Work to be completed
In the data below, find the line containing "Kit Dhonna - shampoo" and the line containing "Scandinavian-inspired with a", then reproduce them and every line between, exactly. Omit pictures.
*** Opening of Records ***
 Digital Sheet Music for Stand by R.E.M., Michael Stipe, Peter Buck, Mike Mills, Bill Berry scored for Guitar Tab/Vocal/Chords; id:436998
*** Close of Records ***
*** Opening of Records ***
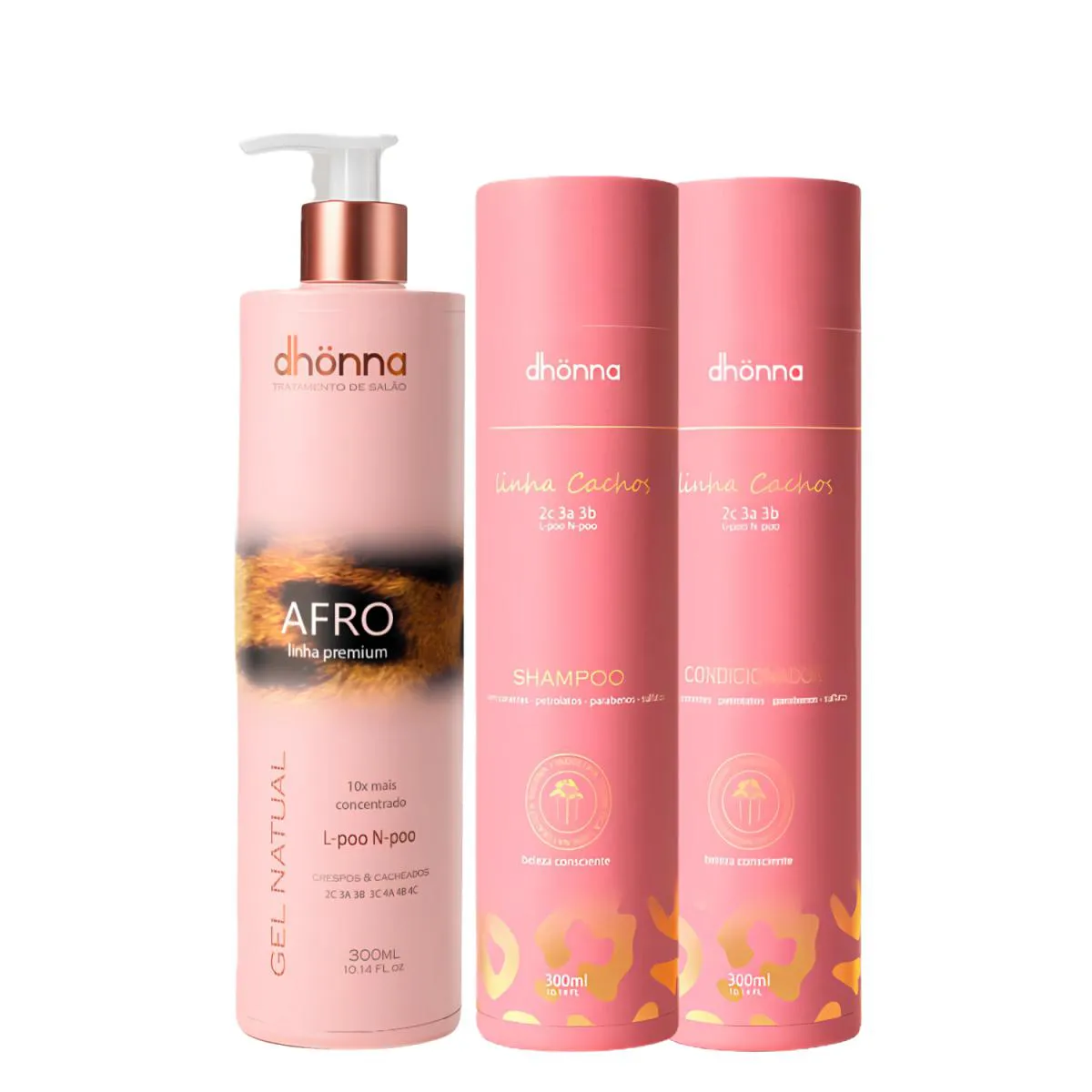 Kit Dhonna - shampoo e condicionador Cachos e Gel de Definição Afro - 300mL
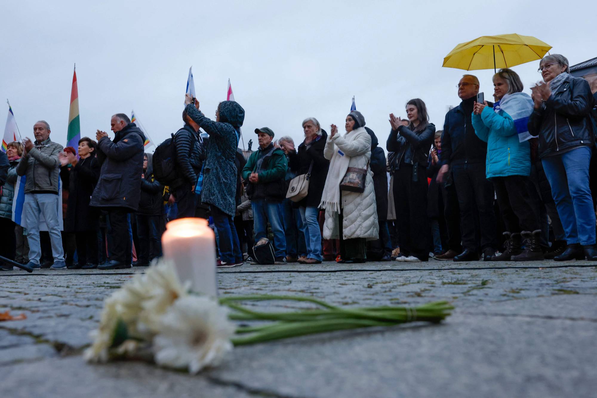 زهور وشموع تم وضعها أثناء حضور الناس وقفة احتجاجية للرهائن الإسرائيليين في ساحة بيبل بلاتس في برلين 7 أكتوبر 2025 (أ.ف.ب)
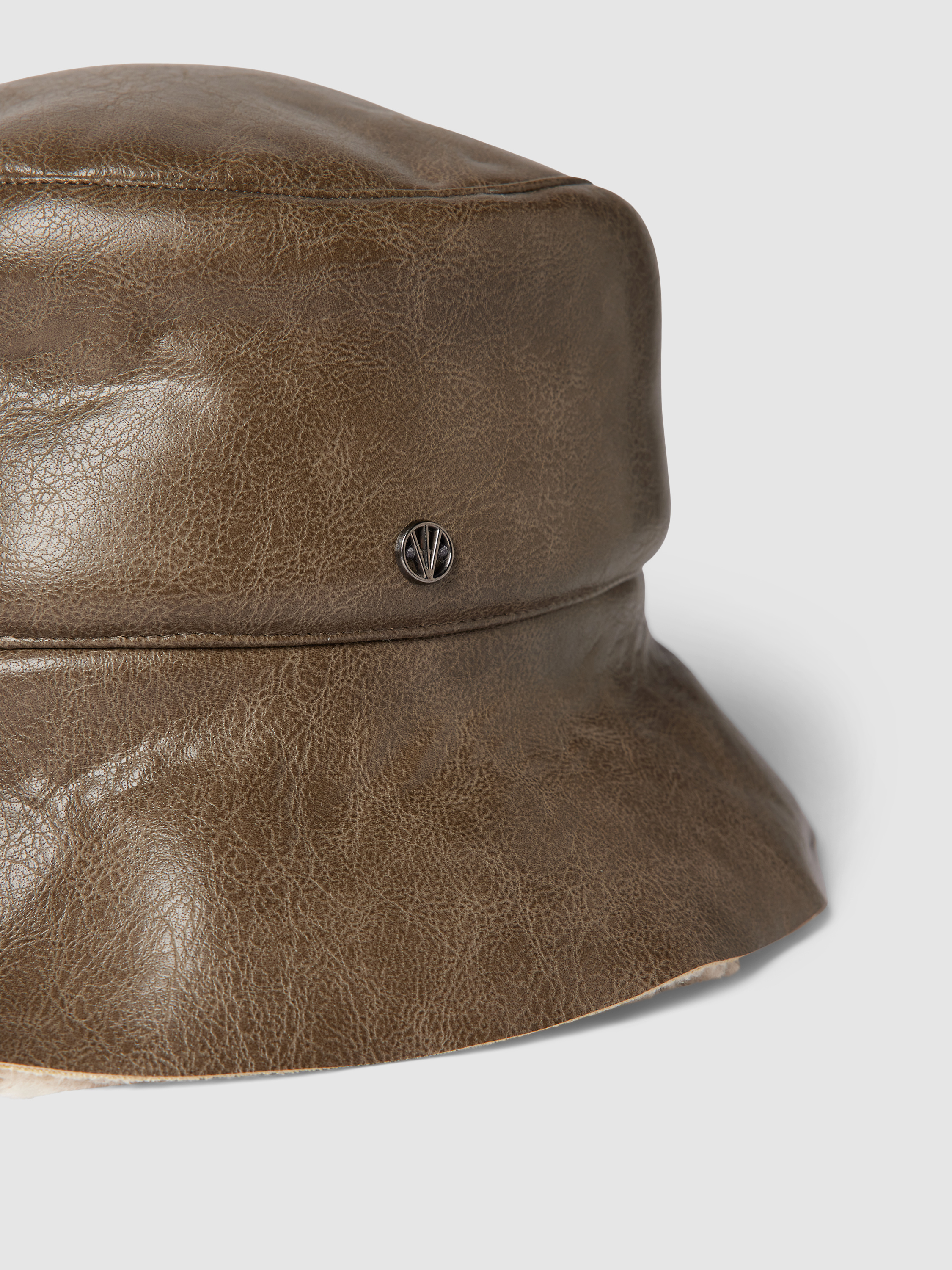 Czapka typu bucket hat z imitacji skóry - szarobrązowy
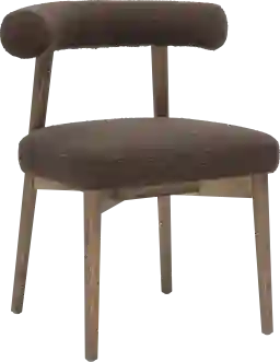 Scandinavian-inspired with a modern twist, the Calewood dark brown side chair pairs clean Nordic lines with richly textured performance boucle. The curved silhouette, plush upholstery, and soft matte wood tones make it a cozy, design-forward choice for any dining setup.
*** Close of Records ***
*** Opening of Records ***
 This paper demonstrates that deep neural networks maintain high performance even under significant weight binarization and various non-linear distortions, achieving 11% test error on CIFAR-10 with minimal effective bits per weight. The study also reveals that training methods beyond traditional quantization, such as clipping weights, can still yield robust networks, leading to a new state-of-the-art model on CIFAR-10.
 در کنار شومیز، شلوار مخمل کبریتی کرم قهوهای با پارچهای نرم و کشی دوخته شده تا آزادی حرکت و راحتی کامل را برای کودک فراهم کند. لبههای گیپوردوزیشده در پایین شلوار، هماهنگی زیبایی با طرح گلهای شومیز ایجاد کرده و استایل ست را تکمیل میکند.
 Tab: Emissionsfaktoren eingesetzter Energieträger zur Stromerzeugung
*** Close of Records ***
Response
 Kit Dhonna - shampoo e condicionador Cachos e Gel de Definição Afro - 300mL
 زهور وشموع تم وضعها أثناء حضور الناس وقفة احتجاجية للرهائن الإسرائيليين في ساحة بيبل بلاتس في برلين 7 أكتوبر 2025 (أ.ف.ب)
 Czapka typu bucket hat z imitacji skóry - szarobrązowy
 Scandinavian-inspired with a modern twist, the Calewood dark brown side chair pairs clean Nordic lines with richly textured performance boucle. The curved silhouette, plush upholstery, and soft matte wood tones make it a cozy, design-forward choice for any dining setup.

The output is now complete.